Published in the Norfolk Daily News on Sept. 10, 2020.
For most of us, the nearly two years that have passed since Nebraskans voted to expand Medicaid might be inconsequential. But, for 90,000 people stuck in the coverage gap the passing time has gone by without peace of mind.
To put it differently, about 1 in 20 Nebraskans could be covered by an expanded Medicaid program. They continue to wait without health care access. That means almost two years of no doctors appointments, no dental checkups, and no hospital visits unless it is an absolute emergency.
On Oct. 1, their wait will finally come to an end. When Nebraska voters approved Initiative 427 in the November 2018 general election, they likely didn’t expect implementation to take two years. But, that is the timeline set by Gov. Pete Ricketts and the Department of Health and Human Services (DHHS).
In that time, the Heritage Health Adult program, Nebraska’s unique version of Medicaid expansion, was created. But, unlike other states that have recently expanded their Medicaid programs, Nebraska is proposing to split the expanded Medicaid population into two coverage groups—basic and prime.
Under the basic package, enrollees will not receive dental, vision, or over-the-counter coverage. In order to receive prime benefits, individuals will need to complete a host of requirements, or “wellness activities.”
The prime coverage, however, won’t be available right away.
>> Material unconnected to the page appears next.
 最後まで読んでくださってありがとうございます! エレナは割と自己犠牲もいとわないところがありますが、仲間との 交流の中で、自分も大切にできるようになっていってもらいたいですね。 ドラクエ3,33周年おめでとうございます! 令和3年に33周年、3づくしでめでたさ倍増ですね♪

Due to the ongoing pandemic, the federal government has not been able to approve the state’s plan as is required. Instead, everyone but those ages 19-20, pregnant, or medically frail will only have basic coverage.
Despite the setbacks, Nebraska will still see most of Medicaid expansions’s benefits take shape. At the very least, expanding is an incredible deal for the state. The federal government covers 90 percent of the cost. By the time most eligible individuals are enrolled, this will amount to nearly $480 million a year, while Nebraska will need to contribute an additional $65 million.
This massive influx of funding will pay dividends for Nebraska, with an expected $1.3 billion worth of increased economic activity in three years and support for 11,000 jobs annually.
In addition, having a more insured population will allow health care providers to accept patients and receive reimbursement for their care.
The implementation of Medicaid expansion may have come later than voters anticipated, but now that enrollment is here, we encourage eligible Nebraskans to contact their local DHHS office to apply. The healthier our state can be, the better and for some Nebraskans, expansion of the Medicaid program can mean a life or death difference.